A = np.array([[1/wi, wi],[1/wj, wj]])
b = np.array([zetai,zetaj])

x = np.linalg.solve(A,2*b)

#             M    KT  KI  Kn
ops.rayleigh(x[0],0.0,0.0,x[1])

But, there’s nothing wrong with using the fundamental frequency and twice the natural frequency as the two frequencies of choice, i.e., replace lines 9 and 10 with the following.

wi = w2[0]**0.5; zetai = 0.03 # 3% in mode 1
wj = 2*wi;       zetaj = 0.02 # 2% at 2*w1

Then proceed with computing the Rayleigh damping coefficients. If nothing else, this scenario guarantees you don’t attempt to compute Rayleigh damping coefficients using repeated or very closely spaced eigenvalues, which can occur in 3D models of building with symmetric distributions of mass and stiffness.

To account for loss of stiffness and period elongation during a nonlinear response history analysis, you can use a frequency lower than the fundamental natural frequency, along with a higher mode. Something like this is recommended in ASCE 41-17.
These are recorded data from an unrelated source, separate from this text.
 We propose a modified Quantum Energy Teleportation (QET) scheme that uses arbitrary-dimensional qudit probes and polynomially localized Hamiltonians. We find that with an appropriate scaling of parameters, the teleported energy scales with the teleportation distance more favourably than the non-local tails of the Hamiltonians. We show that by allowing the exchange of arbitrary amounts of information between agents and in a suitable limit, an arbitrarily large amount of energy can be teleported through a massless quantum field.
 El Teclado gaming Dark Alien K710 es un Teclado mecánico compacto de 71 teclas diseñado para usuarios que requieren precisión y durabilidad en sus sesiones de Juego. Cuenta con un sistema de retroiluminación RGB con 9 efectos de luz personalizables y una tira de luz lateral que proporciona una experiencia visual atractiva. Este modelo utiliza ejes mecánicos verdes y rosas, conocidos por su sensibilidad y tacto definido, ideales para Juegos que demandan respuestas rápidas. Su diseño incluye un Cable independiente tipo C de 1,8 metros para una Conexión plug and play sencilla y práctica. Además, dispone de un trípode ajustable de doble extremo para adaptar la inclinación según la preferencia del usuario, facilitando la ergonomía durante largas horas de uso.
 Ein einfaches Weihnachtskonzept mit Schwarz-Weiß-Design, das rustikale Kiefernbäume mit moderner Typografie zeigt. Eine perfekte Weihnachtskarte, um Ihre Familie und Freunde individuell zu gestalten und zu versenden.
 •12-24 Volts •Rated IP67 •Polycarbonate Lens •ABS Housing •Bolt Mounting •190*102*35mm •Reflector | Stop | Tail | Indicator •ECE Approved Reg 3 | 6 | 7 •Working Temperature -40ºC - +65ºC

wi = 0.67*w2[0]**0.5; zetai = 0.03 # 3% at 1.5*T1
wj = w2[2]**0.5;      zetaj = 0.02 # 2% in mode 3

You could also peg damping ratios to specific periods–not necessarily natural periods. Compute the frequencies of choice from selected periods, e.g., 2.0 sec and 0.4 sec.

wi = 2*np.pi/2.0; zetai = 0.03 # 3% at T=2.0 sec
wj = 2*np.pi/0.4; zetaj = 0.02 # 2% at T=0.4 sec

Then go on and compute the mass and stiffness proportional Rayleigh coefficients.

But, no matter what you do, you’re going to get the signature “swoosh” when you plot the damping ratio as a function of natural frequency.